Hedgewars/hwengine 0.9.23 crashes on exit

hobbes1069 commented 6 years ago

I don't know if this problem is directly related to libglvnd or not but I'm guessing someone here can read the stack trace and give me some hints. I'm not sure which distros have implemented libglvnd but the crash is only being reported on Fedora and Hedgewars upstream hasn't been able to figure out what's causing it.
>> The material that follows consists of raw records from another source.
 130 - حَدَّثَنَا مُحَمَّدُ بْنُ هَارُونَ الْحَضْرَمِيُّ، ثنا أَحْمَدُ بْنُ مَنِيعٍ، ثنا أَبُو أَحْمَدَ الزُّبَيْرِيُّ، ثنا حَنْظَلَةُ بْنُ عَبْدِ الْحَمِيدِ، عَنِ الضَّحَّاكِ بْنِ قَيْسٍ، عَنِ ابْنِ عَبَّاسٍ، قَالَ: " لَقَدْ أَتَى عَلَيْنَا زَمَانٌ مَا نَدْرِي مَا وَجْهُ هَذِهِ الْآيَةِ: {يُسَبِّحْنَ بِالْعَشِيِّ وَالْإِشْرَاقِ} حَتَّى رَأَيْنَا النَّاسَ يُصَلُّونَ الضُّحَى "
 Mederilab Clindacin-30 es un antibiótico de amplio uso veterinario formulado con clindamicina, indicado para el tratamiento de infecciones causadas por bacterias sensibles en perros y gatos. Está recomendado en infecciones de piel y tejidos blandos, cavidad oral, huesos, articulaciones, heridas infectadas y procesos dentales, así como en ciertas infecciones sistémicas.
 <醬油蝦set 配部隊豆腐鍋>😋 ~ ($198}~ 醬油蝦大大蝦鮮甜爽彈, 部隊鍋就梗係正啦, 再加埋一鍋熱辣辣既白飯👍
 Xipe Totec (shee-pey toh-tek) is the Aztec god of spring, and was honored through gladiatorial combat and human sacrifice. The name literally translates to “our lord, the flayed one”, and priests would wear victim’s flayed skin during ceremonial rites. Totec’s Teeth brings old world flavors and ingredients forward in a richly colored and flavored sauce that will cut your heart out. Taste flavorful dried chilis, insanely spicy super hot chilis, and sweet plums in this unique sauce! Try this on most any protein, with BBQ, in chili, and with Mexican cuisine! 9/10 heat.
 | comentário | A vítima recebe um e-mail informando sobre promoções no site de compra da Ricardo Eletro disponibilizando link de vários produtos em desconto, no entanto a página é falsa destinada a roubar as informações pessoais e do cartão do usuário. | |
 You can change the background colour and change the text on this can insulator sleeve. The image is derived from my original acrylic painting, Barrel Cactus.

The crash is with hwengine in 0.9.23 which uses SDL2, prior to that release SDL 1 was used.

Starting program: /usr/bin/hwengine test.53.hwd
[Thread debugging using libthread_db enabled]
Using host libthread_db library "/lib64/libthread_db.so.1".
[New Thread 0x7ffff7f9b700 (LWP 2779)]
[New Thread 0x7fffd4f22700 (LWP 2780)]
[Thread 0x7fffd4f22700 (LWP 2780) exited]
[Thread 0x7ffff7f9b700 (LWP 2779) exited]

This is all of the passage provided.